Pefko (Πεύκο meaning "pine tree", before 1958: Μπάλα - Bala) is a small, scenic village in the municipal unit of Oichalia, Messenia, Greece. It is situated in the northwestern foothills of the Taygetus Mountains, between Sparta and Kalamata.

== History ==
=== Name ===
The village used to be called "Μπαλα" or Balla meaning "ball" in local Greek dialect, but the name was changed as the government erroneously thought that the name was of Slavic origins.
In actuality, Balla is a Greek word (of Italian origins) and the name of the village comes from a story involving a cannonball which saved the lives of those who would go on to found the village.
According to local tradition, when the Ottoman Turks were coming to conquer the Peloponnesus, a cannon was brought to the city of Kalamata.
It was prophesied that through this cannon the local Greeks would be saved.
After the Ottoman Turks defeated the Byzantine Greek forces and their Venetian allies, some Greeks in desperation fired the cannon into the air.
A priest told them that where this cannonball landed, they would find refuge.
The cannonball was found in a small valley between two hills, and the village of Balla, which would later become Pefko, was founded there.
The villagers named their town Balla after the cannonball that saved them from the Turks.

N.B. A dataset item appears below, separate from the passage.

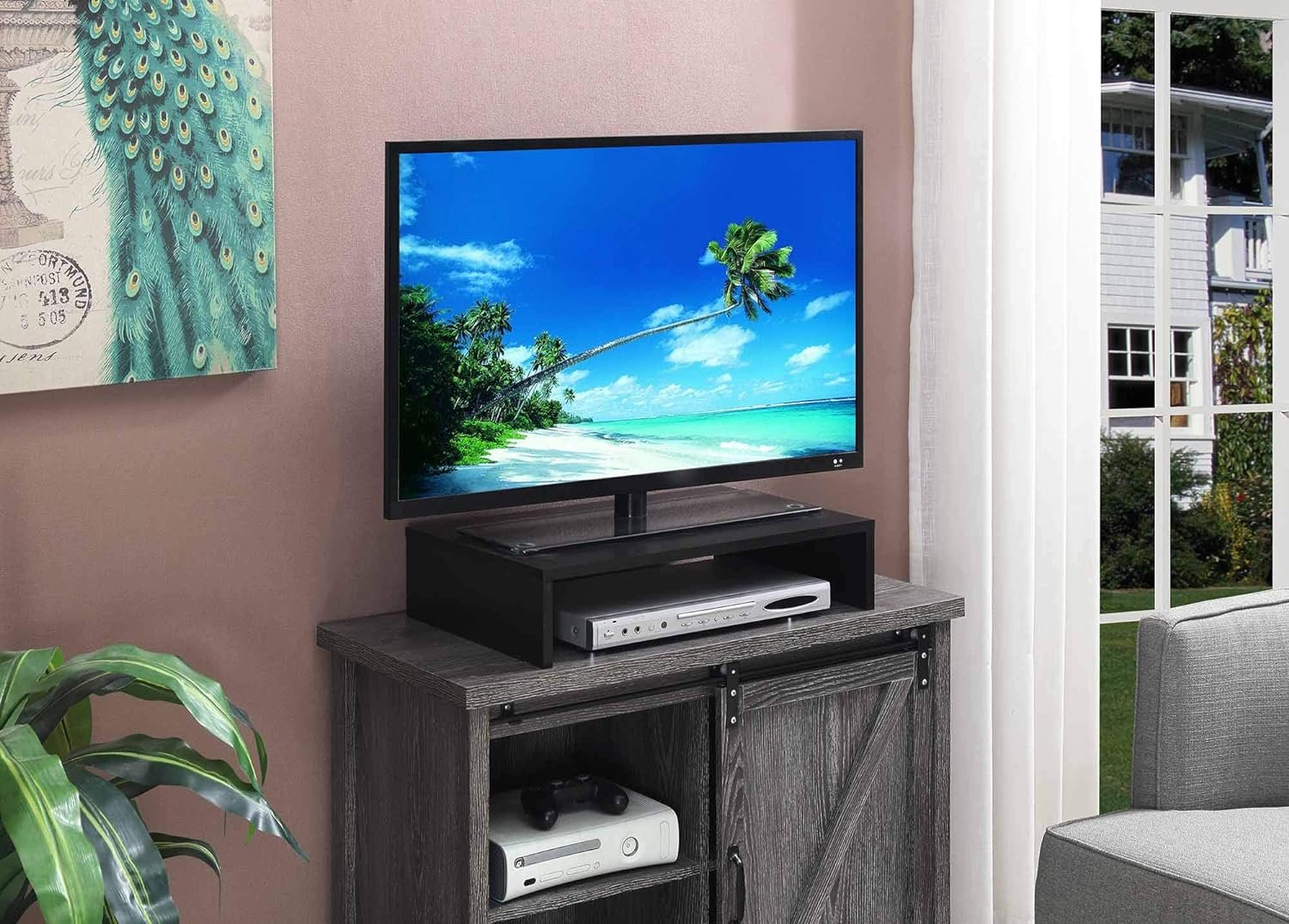Need to add some height to your entertainment center? The Designs2Go Small TV/Monitor Riser for TVs up to 26 Inches by Convenience Concepts will fix this problem! Whether adding height to a TV or computer monitor, this sturdy riser is the solution. Additional underneath space offers room to store a cable box, gaming system, or even a keyboard. This transitional riser is built from particleboard, finished with a smooth melamine veneer, and includes a support bar to help with weight. Assemble in minutes and pair with coordinating Designs2Go TV stands or desks to complete your home look, each sold separately.

Indeed, whether or not the myth of the village's founding is true, the location of Balla/Pefko saved it from Turkish occupation.
The orientation of the village was very strategic, as it is hidden between two rises making it very hard for the Turks and other occupiers to find.
Balla/Pefko was a major center of guerrilla resistance activities against both the Turks and the Germans, the latter who found the village and burned it due to the villager's activities in resisting the Nazi occupation.
The village was also partially destroyed in the 1970s due to rockslides, but later rebuilt.

=== Nikitaras and Perdios===
Nikitaras, a hero of the Greek Revolution known as "Τουρκοφαγοuς" orTourkophagos or "eater of Turks" successfully hid in Balla when they were being hunted by the authorities.
The old stone houses where the heroes stayed still stands. It is owned by the Niarhos family, having miraculously survived both German attacks and rockslides so far.

== Economic activities ==
Agriculture, specifically olive farming, is the main economic activity in the village.
Raising sheep and goats has also been a traditional form of economic activity for villagers.
Lack of economic opportunities has led to emigration from the village, mainly to larger Greek cities such as Kalamata, Patras and Athens.